An adapter from a USB 3.0 to a USB 2.0 header is included, too. You can now connect the system case’s USB 3.0 ports to a mainboard’s USB 2.0 header.

 

The internal differences from the junior model of the series are substantial, too.

The full-height disk rack accommodates up to six disks, leaving room for expansion cards that are as long as 316 millimeters, which is enough for any modern graphics card.

The position (vertical instead of horizontal) and number (four instead of two) of the openings for the pipes of a liquid cooling system can also be noted. They are protected with rubber coverings, just like the cable cutouts in the mainboard’s mounting plate.

The fasteners of 5.25-inch devices are overall the same as in the 300R.

However, the devices can now be fixed in two rather than only one point on the opposite side of the bay.

  

The disk guides are somewhat different from those in the Carbide 300R and Graphite 600T. The vibration-absorbing element is made of black rubber rather than translucent silicone. The prongs are plastic rather than metallic and are held in pairs with two separate bars on both sides.

The CPU cooler cutout is smaller compared to that of the Carbide 300R and has a perfect rectangular shape.

 

The cable compartment is not as deep as in the Carbide 300R but easier to use because the flared side panel offers more room and can be closed without any difficulties

 

The assembly process is overall easier. The problems of the Carbide 300R have been corrected without giving rise to new ones.

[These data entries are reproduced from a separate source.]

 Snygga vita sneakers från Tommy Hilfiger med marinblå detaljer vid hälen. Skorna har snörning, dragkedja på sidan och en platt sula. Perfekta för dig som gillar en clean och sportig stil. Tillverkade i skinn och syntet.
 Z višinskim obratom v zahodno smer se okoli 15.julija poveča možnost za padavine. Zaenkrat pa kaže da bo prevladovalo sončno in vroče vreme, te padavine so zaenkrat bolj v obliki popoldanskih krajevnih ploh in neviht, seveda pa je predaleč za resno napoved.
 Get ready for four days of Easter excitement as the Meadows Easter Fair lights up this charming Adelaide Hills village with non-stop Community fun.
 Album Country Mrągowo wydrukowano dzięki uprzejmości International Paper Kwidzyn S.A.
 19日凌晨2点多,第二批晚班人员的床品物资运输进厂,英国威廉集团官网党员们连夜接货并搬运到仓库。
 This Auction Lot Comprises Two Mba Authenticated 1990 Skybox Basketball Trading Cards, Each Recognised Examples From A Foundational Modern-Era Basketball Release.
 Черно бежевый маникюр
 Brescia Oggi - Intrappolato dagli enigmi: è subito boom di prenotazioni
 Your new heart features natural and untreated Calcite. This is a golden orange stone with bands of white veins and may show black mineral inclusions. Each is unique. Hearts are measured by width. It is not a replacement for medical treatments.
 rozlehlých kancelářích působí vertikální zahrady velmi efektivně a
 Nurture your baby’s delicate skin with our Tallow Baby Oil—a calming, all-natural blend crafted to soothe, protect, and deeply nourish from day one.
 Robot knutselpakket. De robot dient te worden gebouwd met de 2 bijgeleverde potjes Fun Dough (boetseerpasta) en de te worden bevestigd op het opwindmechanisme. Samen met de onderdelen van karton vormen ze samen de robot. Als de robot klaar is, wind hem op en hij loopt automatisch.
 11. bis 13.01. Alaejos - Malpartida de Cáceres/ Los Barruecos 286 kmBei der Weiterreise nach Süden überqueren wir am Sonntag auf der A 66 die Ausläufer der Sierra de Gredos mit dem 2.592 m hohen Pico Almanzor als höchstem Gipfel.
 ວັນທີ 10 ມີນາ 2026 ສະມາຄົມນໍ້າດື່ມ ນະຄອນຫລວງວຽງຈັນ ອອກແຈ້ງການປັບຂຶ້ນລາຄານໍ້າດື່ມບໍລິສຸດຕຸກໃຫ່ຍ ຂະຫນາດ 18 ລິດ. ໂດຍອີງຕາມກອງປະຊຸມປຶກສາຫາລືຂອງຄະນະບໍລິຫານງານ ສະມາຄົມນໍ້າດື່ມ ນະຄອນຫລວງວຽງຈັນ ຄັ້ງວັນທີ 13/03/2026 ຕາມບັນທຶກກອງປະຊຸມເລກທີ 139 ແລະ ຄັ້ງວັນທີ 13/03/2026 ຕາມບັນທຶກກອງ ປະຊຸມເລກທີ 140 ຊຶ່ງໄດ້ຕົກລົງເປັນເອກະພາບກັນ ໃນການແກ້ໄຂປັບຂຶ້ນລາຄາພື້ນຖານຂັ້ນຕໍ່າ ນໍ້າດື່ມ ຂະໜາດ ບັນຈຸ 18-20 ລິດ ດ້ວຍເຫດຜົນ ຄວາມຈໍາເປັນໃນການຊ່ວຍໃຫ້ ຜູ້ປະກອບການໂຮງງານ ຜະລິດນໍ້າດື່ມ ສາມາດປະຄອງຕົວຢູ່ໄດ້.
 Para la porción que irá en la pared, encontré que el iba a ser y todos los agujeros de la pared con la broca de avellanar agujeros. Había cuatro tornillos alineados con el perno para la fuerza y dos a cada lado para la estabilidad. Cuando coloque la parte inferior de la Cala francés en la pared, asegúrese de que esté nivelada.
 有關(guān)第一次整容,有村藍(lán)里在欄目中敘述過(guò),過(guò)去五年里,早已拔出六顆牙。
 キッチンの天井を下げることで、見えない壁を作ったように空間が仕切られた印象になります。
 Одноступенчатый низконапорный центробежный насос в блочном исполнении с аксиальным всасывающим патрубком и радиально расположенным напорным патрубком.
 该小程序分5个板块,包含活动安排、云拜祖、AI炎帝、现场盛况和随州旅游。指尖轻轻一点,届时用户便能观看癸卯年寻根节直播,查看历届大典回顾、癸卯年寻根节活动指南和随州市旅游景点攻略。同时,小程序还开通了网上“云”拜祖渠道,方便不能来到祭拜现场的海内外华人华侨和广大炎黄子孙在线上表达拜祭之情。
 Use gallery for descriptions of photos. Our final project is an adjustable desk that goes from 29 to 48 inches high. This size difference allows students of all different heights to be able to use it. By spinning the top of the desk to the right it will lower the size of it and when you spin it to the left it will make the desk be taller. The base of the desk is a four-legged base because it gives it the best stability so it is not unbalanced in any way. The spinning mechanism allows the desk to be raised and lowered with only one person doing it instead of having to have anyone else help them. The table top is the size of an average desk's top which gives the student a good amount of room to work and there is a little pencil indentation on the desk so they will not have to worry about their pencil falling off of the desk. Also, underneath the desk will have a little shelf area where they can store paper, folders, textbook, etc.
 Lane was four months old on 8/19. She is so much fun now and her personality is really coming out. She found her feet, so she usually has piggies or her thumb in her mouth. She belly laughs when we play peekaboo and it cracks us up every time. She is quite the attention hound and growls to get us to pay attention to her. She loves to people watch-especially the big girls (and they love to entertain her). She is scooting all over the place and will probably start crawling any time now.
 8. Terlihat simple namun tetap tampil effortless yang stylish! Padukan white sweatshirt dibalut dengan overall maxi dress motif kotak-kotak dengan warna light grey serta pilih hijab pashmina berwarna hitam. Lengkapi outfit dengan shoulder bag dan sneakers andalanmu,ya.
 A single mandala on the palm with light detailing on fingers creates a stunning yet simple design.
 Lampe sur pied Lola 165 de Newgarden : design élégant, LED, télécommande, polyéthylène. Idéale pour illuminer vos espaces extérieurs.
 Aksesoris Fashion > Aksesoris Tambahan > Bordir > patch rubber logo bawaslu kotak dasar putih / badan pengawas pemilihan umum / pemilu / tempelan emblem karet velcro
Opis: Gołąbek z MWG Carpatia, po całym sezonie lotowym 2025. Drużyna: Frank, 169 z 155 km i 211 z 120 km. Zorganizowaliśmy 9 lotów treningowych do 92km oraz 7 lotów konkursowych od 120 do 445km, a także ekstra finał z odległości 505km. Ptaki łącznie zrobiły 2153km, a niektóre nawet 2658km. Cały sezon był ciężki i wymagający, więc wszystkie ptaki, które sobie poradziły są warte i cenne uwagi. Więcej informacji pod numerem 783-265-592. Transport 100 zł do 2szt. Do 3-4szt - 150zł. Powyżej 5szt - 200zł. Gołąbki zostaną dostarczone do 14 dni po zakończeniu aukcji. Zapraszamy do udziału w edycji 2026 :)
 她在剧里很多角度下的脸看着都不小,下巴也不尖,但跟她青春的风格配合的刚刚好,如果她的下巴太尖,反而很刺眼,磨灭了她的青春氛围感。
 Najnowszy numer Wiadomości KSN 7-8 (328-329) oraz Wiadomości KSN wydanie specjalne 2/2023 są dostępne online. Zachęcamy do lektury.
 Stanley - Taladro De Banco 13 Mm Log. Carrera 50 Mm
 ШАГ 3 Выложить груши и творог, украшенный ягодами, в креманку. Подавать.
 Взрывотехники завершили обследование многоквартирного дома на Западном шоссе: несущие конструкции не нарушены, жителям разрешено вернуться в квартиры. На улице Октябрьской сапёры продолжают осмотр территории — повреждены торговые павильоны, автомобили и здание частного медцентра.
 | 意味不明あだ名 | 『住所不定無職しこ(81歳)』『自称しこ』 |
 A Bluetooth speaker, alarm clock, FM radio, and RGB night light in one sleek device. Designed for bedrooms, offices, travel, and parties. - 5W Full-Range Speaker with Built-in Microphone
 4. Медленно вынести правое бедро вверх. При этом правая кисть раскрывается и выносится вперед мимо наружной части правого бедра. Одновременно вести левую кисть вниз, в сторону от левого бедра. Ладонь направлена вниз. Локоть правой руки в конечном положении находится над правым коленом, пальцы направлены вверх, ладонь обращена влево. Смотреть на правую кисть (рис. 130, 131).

The ventilation system consists of three preinstalled fans of the 120mm form-factor. There's an exhaust one at the back and two highlighted intake fans behind the front panel, opposite the disk rack. Besides, there are places for five more 120/140mm fans: two at the top, two on the side panel (positioned one above another) and one on the bottom of the chassis, between the PSU bay and the disk rack.

There are vibration-absorbing spacers on the screw holes for the optional 120mm fans but the holes for 140mm fans lack them. You’ll have to spend some time moving the spacers if you want to reduce vibrations from your 140mm fans.

The back fan has a 3-pin connector that goes into the mainboard.

The front fans have nonstandard connectors that are plugged into the system case’s sockets and then get powered by a PATA power connector. As a result, this system case allows you to control the highlighting of the fans but doesn’t allow to regulate their speed.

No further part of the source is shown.